So just like Mark said in the webinar on Sunday…I really don’t watch much TV…I am more of a reader and writer. That being said…with the new job and new shift that I recently started I tend to come home, have dinner and watch an hour or 2 of TV to relax and then bed.
So I decided to try this out….now i have to be honest, I am not gonna cut the TV plug. I did however fail miserably the first day and watched a 2 hour Christmas movie. On day 2 I tried reading instead but I just couldn’t focus on chapters of reading and still ended up turning on the TV…I set a timer this time and after an hour I was done. As the week progressed so did I. There wasn’t really any burning desire to watch TV although that was never really my thing. I have managed to get back to writing more and reading a book along with the daily exercises.
Music has always been my release. It is constantly playing in the background, even if it is just instrumental. Aside from my 15-30 minutes of complete silence, I enjoy having tempo in my life LOL.
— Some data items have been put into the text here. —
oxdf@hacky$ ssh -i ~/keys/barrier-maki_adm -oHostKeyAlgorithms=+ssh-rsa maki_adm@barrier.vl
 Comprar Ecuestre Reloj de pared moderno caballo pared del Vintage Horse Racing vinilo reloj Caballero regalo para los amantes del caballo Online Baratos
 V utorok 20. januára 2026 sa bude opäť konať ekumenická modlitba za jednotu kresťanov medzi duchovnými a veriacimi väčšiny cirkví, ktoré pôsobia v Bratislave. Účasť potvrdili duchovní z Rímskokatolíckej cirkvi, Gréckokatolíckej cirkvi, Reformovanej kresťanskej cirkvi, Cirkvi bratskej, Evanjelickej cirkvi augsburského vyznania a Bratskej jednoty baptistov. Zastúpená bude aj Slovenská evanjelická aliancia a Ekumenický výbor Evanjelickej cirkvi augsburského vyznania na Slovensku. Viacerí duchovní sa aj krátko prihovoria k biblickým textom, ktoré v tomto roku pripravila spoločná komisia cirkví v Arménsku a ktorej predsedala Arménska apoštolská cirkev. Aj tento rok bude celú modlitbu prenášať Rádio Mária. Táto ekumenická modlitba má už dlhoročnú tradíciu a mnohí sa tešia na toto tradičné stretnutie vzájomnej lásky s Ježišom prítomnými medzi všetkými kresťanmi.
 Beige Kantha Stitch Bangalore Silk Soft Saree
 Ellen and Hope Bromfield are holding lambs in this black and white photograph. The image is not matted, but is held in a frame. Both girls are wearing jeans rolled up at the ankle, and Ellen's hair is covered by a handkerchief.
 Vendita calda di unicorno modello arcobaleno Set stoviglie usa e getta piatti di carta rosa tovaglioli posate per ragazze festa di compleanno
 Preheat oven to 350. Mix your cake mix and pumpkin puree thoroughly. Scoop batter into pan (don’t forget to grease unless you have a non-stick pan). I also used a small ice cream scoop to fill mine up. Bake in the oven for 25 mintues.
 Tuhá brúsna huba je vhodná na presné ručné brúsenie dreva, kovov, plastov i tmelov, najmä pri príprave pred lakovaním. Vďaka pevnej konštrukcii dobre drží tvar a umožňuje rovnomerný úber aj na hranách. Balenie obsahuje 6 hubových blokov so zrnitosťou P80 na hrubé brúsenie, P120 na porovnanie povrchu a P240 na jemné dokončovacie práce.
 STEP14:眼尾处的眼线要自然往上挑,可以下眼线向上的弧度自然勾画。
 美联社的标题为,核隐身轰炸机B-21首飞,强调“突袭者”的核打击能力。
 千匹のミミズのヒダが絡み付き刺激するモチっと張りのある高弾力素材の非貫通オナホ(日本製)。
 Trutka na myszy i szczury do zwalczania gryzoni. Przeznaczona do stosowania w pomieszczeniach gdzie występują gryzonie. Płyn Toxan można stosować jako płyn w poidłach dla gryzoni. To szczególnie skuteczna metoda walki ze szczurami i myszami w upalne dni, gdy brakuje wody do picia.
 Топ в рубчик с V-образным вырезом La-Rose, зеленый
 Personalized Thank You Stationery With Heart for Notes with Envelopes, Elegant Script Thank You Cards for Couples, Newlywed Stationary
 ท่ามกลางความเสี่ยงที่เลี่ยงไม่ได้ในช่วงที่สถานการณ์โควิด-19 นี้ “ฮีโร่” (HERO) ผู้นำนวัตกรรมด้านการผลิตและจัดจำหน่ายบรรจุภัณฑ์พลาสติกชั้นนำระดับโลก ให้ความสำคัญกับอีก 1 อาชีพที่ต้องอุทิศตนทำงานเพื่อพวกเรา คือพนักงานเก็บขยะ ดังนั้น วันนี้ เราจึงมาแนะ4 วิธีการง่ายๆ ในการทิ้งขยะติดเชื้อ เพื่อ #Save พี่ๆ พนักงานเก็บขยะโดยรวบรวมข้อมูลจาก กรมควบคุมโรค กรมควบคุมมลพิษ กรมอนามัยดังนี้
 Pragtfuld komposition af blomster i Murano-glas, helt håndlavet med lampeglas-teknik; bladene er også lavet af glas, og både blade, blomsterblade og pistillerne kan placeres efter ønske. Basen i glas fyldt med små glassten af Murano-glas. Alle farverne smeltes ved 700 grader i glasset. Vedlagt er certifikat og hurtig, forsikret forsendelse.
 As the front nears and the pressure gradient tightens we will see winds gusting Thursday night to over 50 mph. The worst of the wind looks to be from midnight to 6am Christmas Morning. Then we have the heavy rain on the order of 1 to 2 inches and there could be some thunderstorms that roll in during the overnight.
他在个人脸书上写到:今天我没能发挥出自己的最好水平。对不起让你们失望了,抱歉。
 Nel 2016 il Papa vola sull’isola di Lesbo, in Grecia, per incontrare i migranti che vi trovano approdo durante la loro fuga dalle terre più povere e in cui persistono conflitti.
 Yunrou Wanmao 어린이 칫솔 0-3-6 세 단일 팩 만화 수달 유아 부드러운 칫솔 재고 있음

My mental diet has improved considerably with the law of substitution…not allowing a negative thought to last more than 7 seconds by replacing it with something else. I did so well…until today….longggg day at work, crazy traffic and a “lovely” highway driver who not only had no courtesy on the road, he also felt the need to roll down his window and give me the finger…then come alongside me and just sit there in the traffic staring at me while giving me the finger.
My curiosity got the better of me to see who was driving and if he had a cell phone in his hand because I can own my mistakes and today wasn’t one of them. I attempted to let him switch lanes despite the fact that it wasn’t really a lane change but him cutting me off on the highway during rush hour traffic, I just don’t deal well with hesitation and then the fact that he acted like I did something wrong just through my mental diet out the window. The choice words that entered my mind when I saw him roll down his window and stick his hand out to give me the middle finger….and yet all I did was smile at him when he came up alongside me in the traffic. I’m pretty sure that just pissed him off even more….
Ah well….any improvement is a step in the right direction. And at this point in time I know I am blessed and all I do is be better than yesterday. With that in mind and my DMP constantly in progress, I am happy.